Песню “The lost children” многие поклонники Майкла считают довольно незамысловатой, не замечая, что в ее простоте кроется многообразие и сложность аранжировки, текстовых смыслов и ассоциаций. Простота этой песни — это «пушкинская» гармония, за которой стоит внутреннее богатство и целые миры творческой фантазии Майкла-композитора и поэта. Елена Гарник и Наталья Рогова пишут о своем восприятии музыки и слова в “The lost children”.
Наталья Рогова (оригинальный пост — первая часть и вторая часть):
Два мира

Это чудо, не могу назвать его «песней», рисует нам два мира.
Один — тот, который слышен явно — расположился на переднем плане. Второй — тот, что пробивается сквозь него невнятными, но настойчивыми шумами.

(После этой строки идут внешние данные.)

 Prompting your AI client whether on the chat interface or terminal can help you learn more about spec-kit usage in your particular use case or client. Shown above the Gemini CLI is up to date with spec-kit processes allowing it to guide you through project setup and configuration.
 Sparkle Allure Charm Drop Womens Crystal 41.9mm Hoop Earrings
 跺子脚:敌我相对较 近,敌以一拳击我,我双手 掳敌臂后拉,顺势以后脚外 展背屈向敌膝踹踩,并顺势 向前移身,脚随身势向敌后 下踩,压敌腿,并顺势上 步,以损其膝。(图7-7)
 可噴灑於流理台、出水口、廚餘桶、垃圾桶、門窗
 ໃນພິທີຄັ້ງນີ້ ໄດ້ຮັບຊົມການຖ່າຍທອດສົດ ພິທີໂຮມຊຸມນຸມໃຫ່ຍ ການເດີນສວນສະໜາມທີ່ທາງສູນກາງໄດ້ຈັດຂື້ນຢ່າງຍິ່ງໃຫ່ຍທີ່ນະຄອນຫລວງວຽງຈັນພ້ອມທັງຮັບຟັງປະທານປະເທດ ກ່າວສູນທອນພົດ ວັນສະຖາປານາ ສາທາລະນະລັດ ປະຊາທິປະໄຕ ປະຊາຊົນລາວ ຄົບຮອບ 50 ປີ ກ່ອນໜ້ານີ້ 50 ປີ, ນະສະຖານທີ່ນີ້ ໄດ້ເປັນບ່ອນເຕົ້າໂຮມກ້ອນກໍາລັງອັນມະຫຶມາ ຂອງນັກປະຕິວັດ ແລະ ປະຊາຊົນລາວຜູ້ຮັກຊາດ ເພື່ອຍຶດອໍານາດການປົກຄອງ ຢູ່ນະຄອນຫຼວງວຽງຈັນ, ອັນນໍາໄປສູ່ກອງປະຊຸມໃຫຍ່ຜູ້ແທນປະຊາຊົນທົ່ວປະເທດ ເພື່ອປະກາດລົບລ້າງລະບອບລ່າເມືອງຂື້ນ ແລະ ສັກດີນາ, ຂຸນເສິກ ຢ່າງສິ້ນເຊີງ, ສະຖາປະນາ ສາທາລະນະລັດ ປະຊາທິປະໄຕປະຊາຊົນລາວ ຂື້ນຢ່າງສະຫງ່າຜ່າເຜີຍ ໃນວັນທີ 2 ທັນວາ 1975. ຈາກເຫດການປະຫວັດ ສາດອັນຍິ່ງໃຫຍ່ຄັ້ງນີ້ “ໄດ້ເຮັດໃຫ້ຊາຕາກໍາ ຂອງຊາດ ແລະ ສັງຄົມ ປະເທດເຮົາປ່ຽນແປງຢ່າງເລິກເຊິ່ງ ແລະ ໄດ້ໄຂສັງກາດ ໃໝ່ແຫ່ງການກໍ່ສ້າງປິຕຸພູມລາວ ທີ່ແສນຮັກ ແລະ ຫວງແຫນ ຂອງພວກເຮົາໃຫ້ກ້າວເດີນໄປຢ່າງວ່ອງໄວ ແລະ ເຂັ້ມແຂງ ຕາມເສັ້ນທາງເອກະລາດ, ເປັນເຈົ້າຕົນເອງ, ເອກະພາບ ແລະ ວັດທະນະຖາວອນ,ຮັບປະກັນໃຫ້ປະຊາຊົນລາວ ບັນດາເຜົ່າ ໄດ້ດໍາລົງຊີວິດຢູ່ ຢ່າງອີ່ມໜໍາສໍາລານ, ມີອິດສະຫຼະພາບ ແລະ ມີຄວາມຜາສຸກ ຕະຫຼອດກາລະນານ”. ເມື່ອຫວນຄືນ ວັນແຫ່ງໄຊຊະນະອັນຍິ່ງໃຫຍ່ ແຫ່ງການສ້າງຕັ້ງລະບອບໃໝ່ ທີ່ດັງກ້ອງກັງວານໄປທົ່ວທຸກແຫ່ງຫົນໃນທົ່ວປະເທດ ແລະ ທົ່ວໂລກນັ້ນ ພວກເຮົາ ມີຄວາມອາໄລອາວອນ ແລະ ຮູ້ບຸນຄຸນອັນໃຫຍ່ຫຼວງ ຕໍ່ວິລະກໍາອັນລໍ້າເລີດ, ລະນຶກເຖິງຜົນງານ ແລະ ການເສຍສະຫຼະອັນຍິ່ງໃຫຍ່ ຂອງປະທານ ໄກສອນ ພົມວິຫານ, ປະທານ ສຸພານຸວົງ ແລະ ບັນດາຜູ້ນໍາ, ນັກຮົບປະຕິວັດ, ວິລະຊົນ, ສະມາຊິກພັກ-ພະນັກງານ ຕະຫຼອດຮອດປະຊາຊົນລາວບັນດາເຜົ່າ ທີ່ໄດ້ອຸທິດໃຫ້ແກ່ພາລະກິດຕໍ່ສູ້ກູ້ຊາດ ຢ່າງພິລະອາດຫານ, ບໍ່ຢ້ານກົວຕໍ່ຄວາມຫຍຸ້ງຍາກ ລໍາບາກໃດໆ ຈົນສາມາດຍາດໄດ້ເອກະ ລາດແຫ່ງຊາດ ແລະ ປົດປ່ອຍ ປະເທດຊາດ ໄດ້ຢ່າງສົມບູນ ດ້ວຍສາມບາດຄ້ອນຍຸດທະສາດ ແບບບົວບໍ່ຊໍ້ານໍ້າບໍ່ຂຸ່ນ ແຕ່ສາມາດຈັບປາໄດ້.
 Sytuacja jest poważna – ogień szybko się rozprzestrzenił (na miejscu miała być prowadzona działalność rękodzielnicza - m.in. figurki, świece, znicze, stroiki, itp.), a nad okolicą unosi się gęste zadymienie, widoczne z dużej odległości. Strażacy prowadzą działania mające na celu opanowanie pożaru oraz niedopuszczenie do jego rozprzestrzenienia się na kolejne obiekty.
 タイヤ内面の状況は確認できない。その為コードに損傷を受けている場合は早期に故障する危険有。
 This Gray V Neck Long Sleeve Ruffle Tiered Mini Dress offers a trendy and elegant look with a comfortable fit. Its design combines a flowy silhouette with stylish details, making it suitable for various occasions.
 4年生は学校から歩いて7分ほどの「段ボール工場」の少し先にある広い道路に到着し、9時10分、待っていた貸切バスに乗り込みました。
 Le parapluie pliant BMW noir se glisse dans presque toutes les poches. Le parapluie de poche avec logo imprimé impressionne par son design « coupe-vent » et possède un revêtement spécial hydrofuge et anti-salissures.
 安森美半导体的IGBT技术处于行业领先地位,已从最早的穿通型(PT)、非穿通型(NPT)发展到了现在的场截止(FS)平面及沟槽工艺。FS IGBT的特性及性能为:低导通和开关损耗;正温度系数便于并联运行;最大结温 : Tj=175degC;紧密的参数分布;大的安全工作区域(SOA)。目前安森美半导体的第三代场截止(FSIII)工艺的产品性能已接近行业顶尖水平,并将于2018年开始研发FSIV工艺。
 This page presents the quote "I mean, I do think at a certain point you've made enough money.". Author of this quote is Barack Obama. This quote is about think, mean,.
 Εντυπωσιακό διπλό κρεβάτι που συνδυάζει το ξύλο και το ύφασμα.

Первый мир красив, как сама песня, просто невыносимо красив. В нем звучат лес, солнце, зеленая лужайка, полеты в ветвях деревьев.
Но когда долетают отзвуки того, другого мира, словно из-за стены, приглушенные чем-то и в то же время напористо звонкие, становится ясно, что желанный-то мир там. Это голоса детей, намеренно записанные так, что текст этой речи разобрать сложно, если вообще возможно.
Потери и поиски
И почти сразу после появления этих голосов (в промежутке между припевом и вторым куплетом) вступает перкуссионный инструмент, звук которого может вызывать ассоциации с хлопаньем в ладоши (начало второго куплета). Пока эта музыкальная линия набирает силу, голоса детей становятся громче.